Moles and molar mass are core concepts in understanding chemical quantities. A mole is a unit of measurement that represents \(6.022 \times 10 ^{23}\) particles, atoms, or molecules of a substance—commonly known as Avogadro's number. Molar mass, on the other hand, is the mass of one mole of a substance and is expressed in grams per mole (g/mol).
The manganese sulfate hydrate experiment provides an excellent example. For water, the molar mass is 18.015 g/mol, and for anhydrous manganese sulfate (MnSO₄), it's 151.00 g/mol. These values are used to convert mass into moles, which then helps balance the chemical equation and assists in determining the formula of the hydrate. By utilizing moles and molar mass, you can convert between weight and the number of molecules, providing insights into chemical reactions.

Chemical Formulas

Chemical formulas represent the types and numbers of atoms in a molecule. For hydrates, they include information about water molecules integrated within the compound, denoted as \(\cdot H_2O\). This conveys both chemical and physical information, indicating how substances interact.

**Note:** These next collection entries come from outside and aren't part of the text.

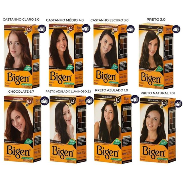 | Kit Profissional Tintura Capilar à base de água Bigen 5.0 Castanho ... | R$ 45,90 | — | 5.0/5 | 3 |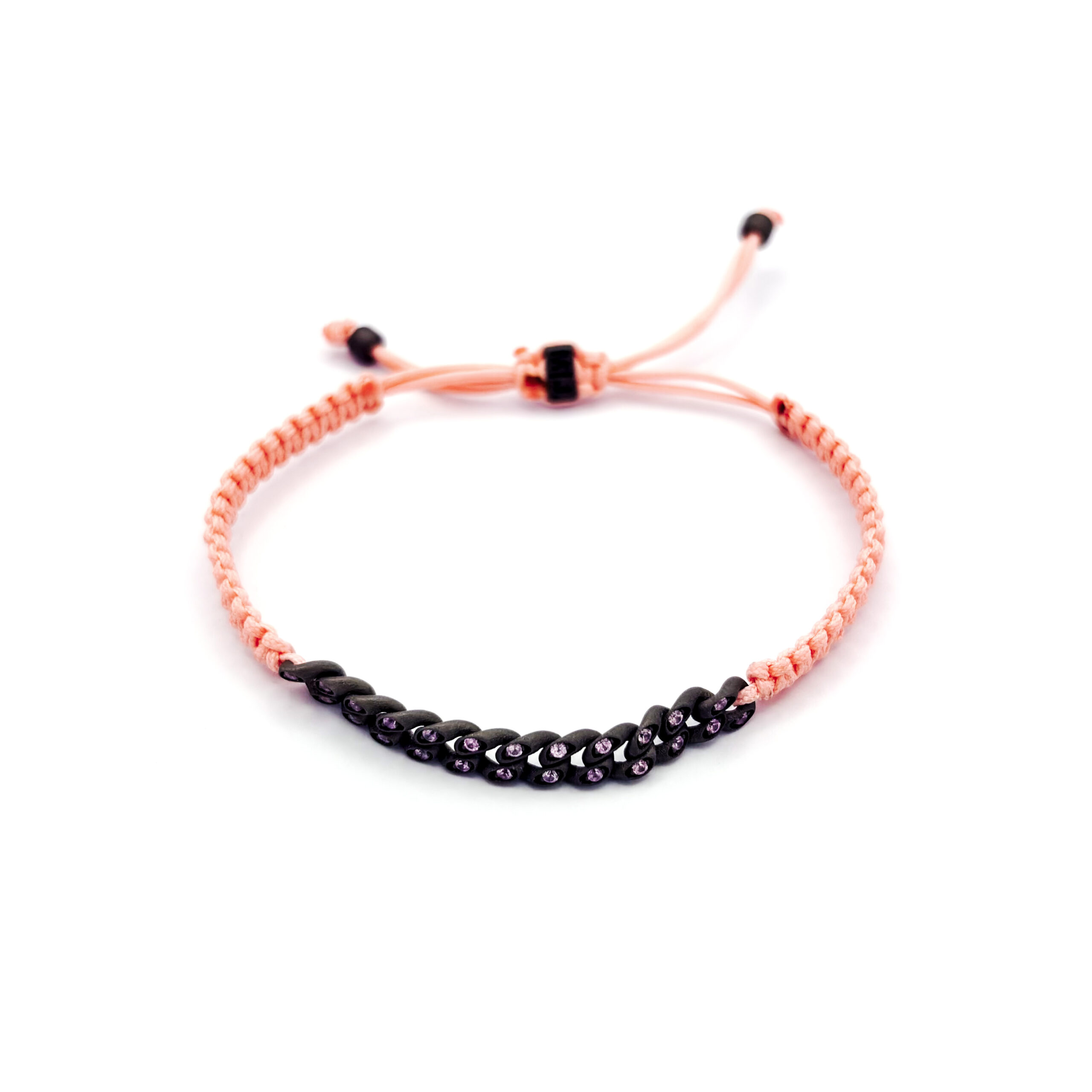 Aggiungi al carrello Bracciale groumette nautica mini in titanio con zaffiri rosa e laccio rosa intrecciato – Mano|J. € 325,00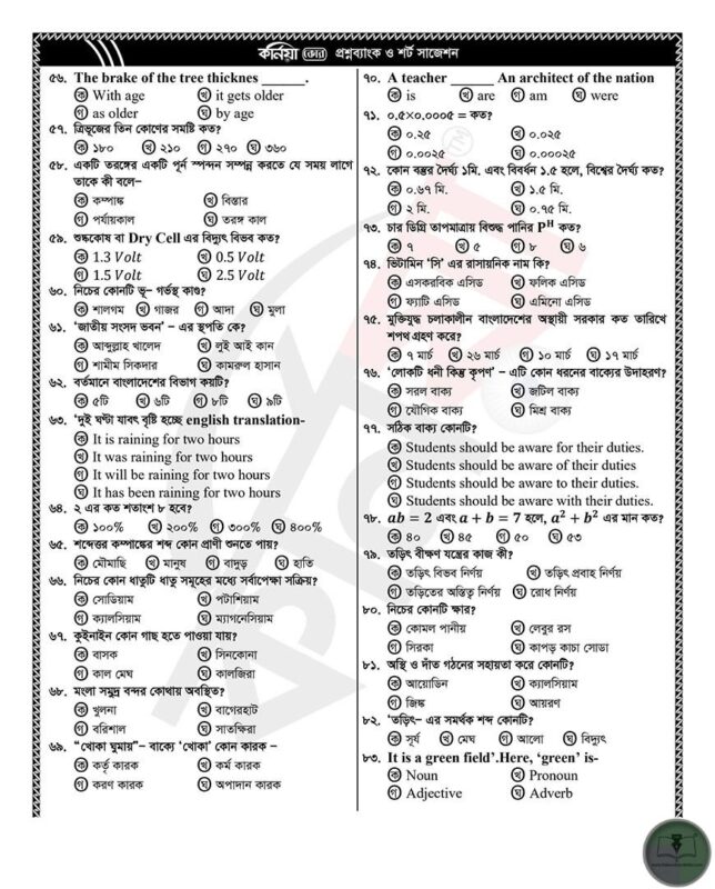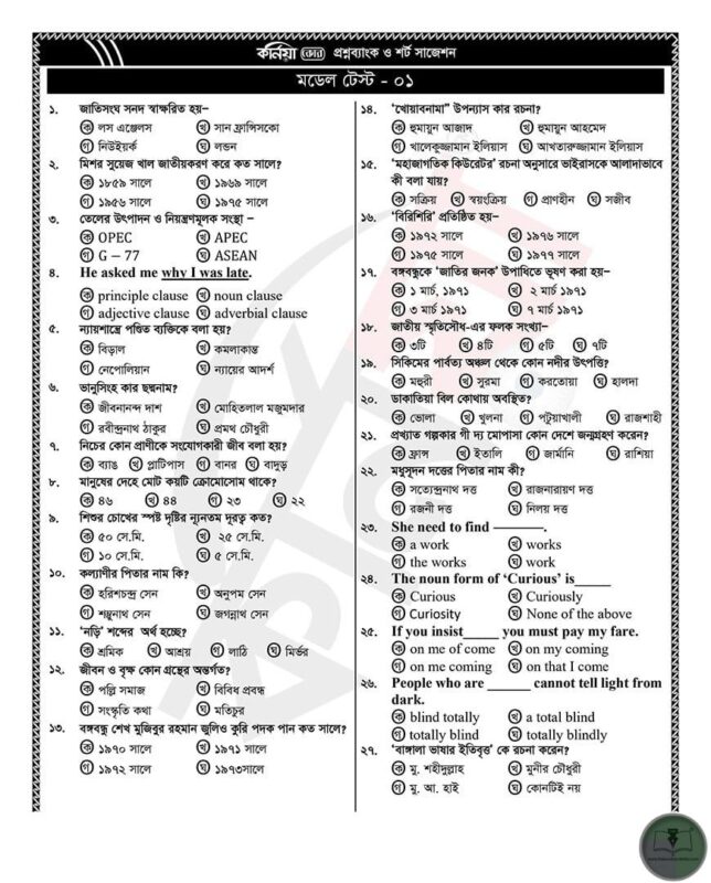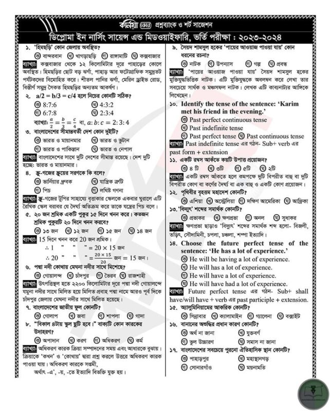 কর্নিয়া কোর নার্সিং প্রশ্ন ব্যাংক ও মডেল টেস্ট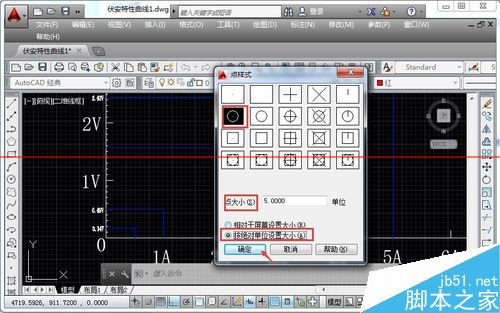 4、彈出點(diǎn)的樣式對話框,在這個(gè)對話框中,可以設(shè)置點(diǎn)的形狀及大小,我在此選圓形,突顯一下,要稍微大一些的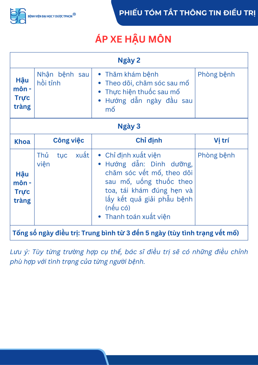 Tóm tắt thông tin điều trị áp xe hậu môn
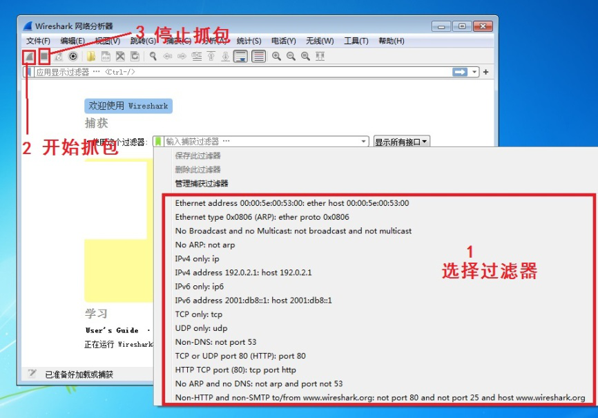 5、首先选择合适的过滤器,然后点击左上方第一个图标开始抓包,等待抓包完毕后,点击旁边的图标停止抓包。(如图)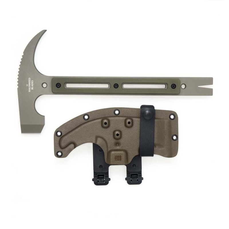 Built for the toughest missions, the MFE-01 Rhino Tool by Halfbreed Blades is a compact, multi-functional MOE (Method of Entry) tool engineered for military, law enforcement, and rescue professionals. Designed originally for the Special Operations Engineer Regiment (SOER), this NATO-stocked tool is constructed from Austrian Bohler K110 (D2) tool steel and features a one-piece full tang for extreme strength and durability. From chopping and prying to smashing locks and windows, the MFE-01 is purpose-built for critical tasks. Its modified claw head and compact cutting edge offer excellent leverage and splitting power, while the skeletonized design improves weight distribution. Low-profile G10 scales and an extra-large finger choil ensure superior grip and control. Complete with a precision-molded MOLLE-compatible Kydex sheath, this tool is battle-ready. Whether in the field or on standby, the Rhino Tool delivers uncompromising performance in a compact form factor.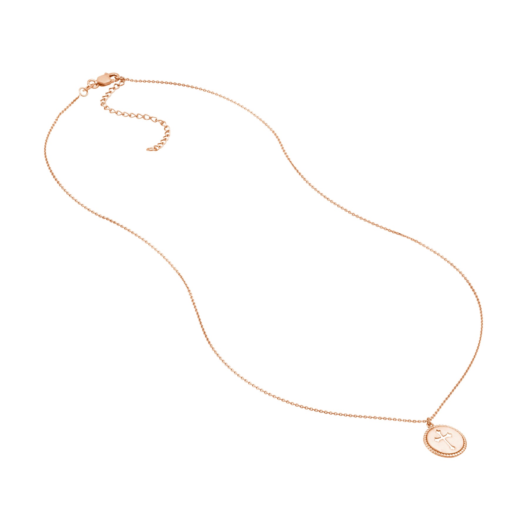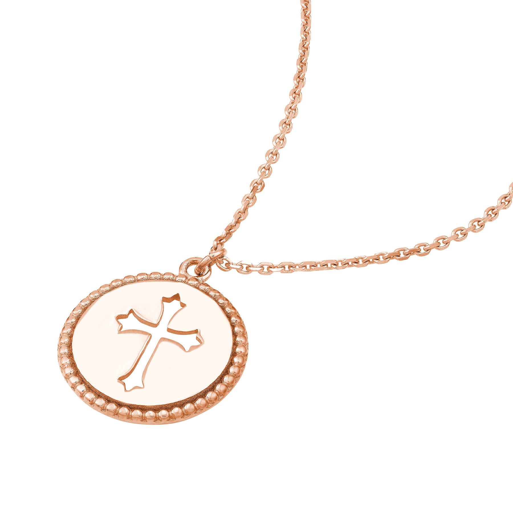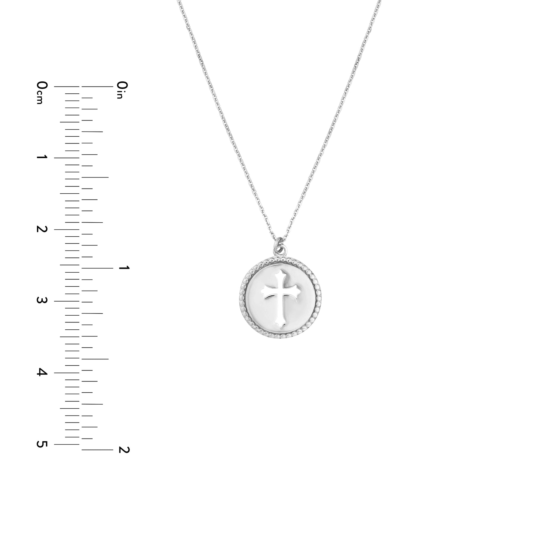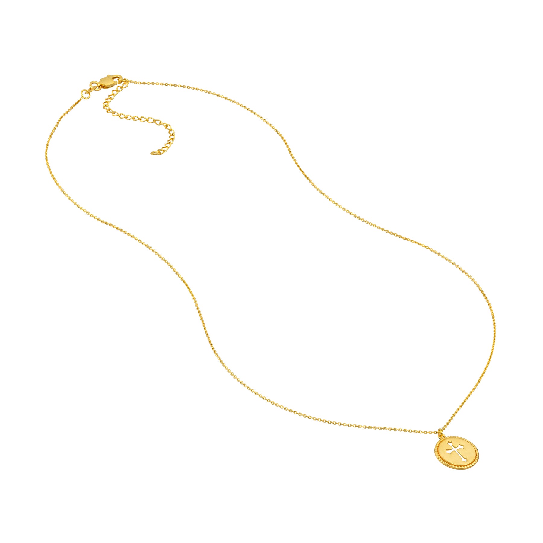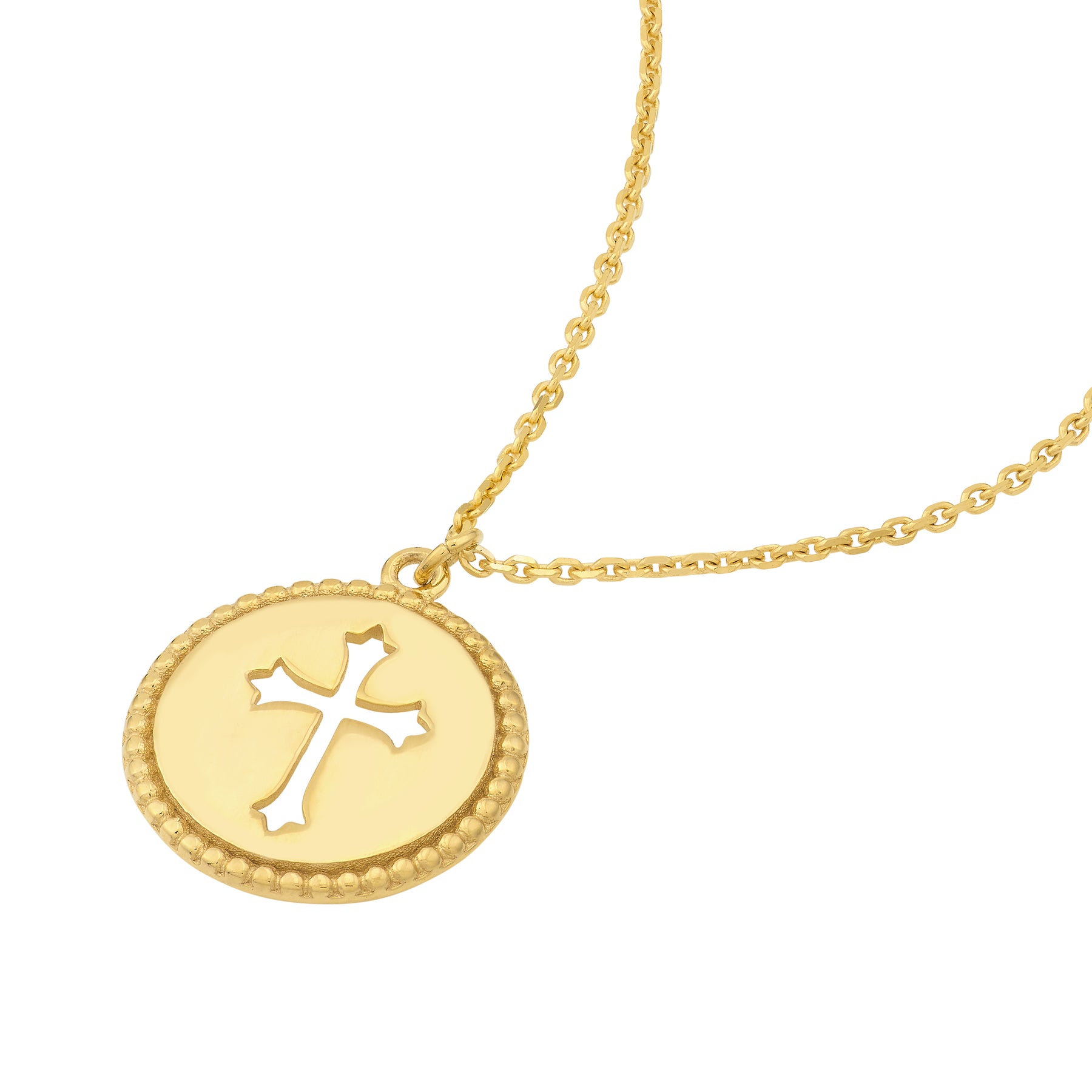 Show off your faith with fashion cross jewelry. This 14K gold bead frame medallion necklace has a graceful cross cutout on a 12mm disc.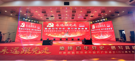 會場外,高新區(qū)的建區(qū)大事記、發(fā)展成就、人才薈萃、企業(yè)風(fēng)采展示內(nèi)容與中國共產(chǎn)黨成立100周年慶?;顒訕?biāo)識相互輝映、格外醒目;國際會議廳燈光璀璨、氣氛熱烈,洋溢著濃濃的節(jié)日氣氛,循著歷史的年輪,追尋百年奮斗的閃亮足跡,向中國共產(chǎn)黨的百年風(fēng)華,致以昆明高新人最美好的祝福,最崇高的敬意!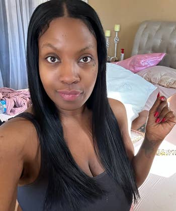 "I have 4a–4b curls. When my hair is straight, there are a few spots that are a little frizzier than others which to me, isn't a big deal. Some flyaways however were the biggest reason why I got this. It lays the baby hairs and is a little bit of a heavier product. I will say, you just have to be careful if you're not used to using heavy product. The first time I used it, I just put a little in my hands and then put it where it was needed." —Jay
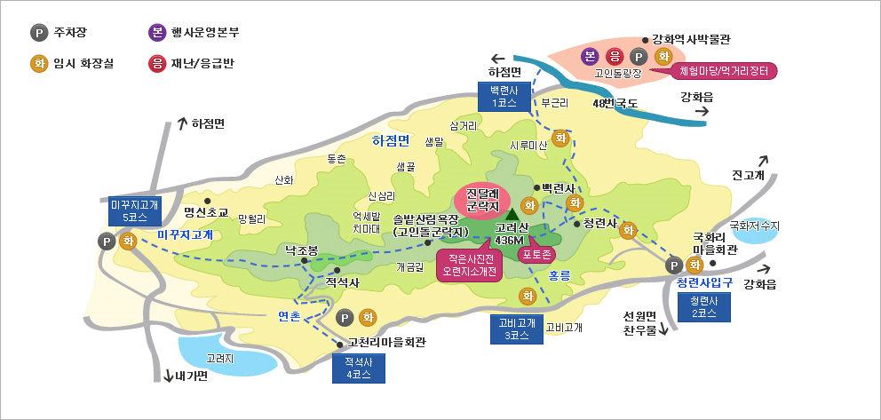자세한 내용은 강화군 문화관광 홈페이지에서 고려산 진달래축제를 검색하면 된다.
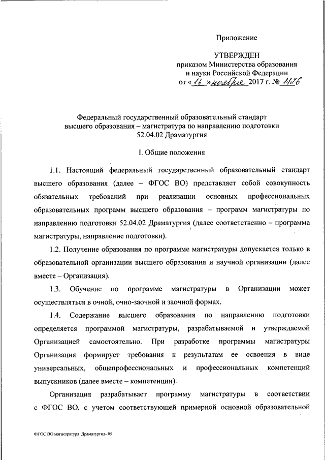 ПРИКАЗ Минобрнауки РФ от 16.11.2017 N 1126

In the experiment, we derive the formula for manganese(II) sulfate hydrate based on the stoichiometric analysis and hydrate water content calculations. Initially, we suspect a general form \(MnSO_4 \cdot xH_2O\), where \(x\) represents the number of water molecules. Analysis based on mass and moles can ascertain this factor, allowing precise depiction of the chemical structure. Knowing the precise formula enables chemists to predict and understand the properties and reactions of the compound within various contexts.